Copyright | (c) 2015, M J Oldfield |
---|---|
Stability | Experimental |
Safe Haskell | Safe |
Language | Haskell2010 |
Rationale
There are many good looking fonts which optimize for appearance. I wanted some cruder fonts which had a simpler representation: a relatively small number of straight lines which could easily be plotted by a machine, or perhaps a person.

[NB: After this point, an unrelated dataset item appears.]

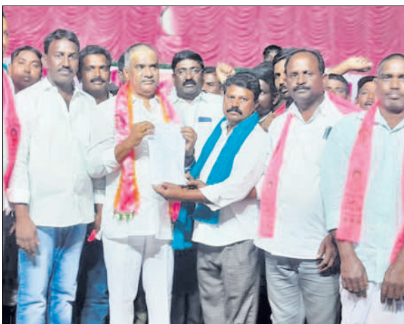
మంత్రి వేములకు ఏకగ్రీవ తీర్మానంపత్రం అందజేస్తున్న సంఘ సభ్యులు

బాల్కొండ, అక్టోబర్ 28 : మండలంలోని నాగపూర్ గ్రామానికి చెందిన తాంబూర్ మున్నూరుకాపు సంఘంలోని 53 కుటుంబాలు మంత్రి ప్రశాంత్ రెడ్డికి మద్దతుగా ఏకగ్రీవ తీర్మానం కాపీని మండల కేంద్రంలో అందజేశారు. రాబోయే ఎన్నికల్లో మంత్రికి మద్దతుగా నిలుస్తామని అన్నారు.

So this might be a good package for you if you're going to do something with the coordinates afterwards, but not if you just want to render some text.
License discussion
My code is licensed under the GPL version 2 or later see http://www.gnu.org/copyleft/gpl.html
The data in canvasText and fallbackGlyph come from Jim Studt's canvastext.js: http://jim.studt.net/canvastext/ which he placed in the public domain. He cites the original source as the Hershey fonts: https://en.wikipedia.org/wiki/Hershey_fonts
The Hershey fonts appear to have this license:
- The following acknowledgements must be distributed with the font data: - The Hershey Fonts were originally created by Dr. A. V. Hershey while working at the U. S. National Bureau of Standards. - The format of the Font data in this distribution was originally created by James Hurt Cognition, Inc. 900 Technology Park Drive Billerica, MA 01821 (mit-eddie!ci-dandelion!hurt)
- The font data in this distribution may be converted into any other format *EXCEPT* the format distributed by the U.S. NTIS (which organization holds the rights to the distribution and use of the font data in that particular format). Not that anybody would really *want* to use their format... each point is described in eight bytes as "xxx yyy:", where xxx and yyy are the coordinate values as ASCII numbers.
It is not clear to me if Mr Studt used 'this distribution'.
Documentation
type PFStroke = [PFPoint] Source
PFStroke
is the basic graphic element: a series of points
joined by straight lines.
type PFGlyph = (PFWidth, [PFStroke]) Source
PFGlyph
is the basic element of the font: the symbol's width, plus
the strokes we need to draw it.
render' :: PlotFont -> String -> [PFStroke] Source
A varient of render
which replaces unknown characters with
a question mark.
It is guaranteed to render something, and thus useful if you want to ignore the possibility of errors e.g. because you're manually checking the output.
optimizeStrokes :: [PFStroke] -> [PFStroke] Source
Given a set of strokes, try to optimize their order and direction so as to prefer:
- fewer strokes;
- smaller gaps between strokes;
- left-most starting position;
- bottom-most starting position.
The code does a reasonable job of improving fonts where no thought has been given to this, but hand-tweaking is still better.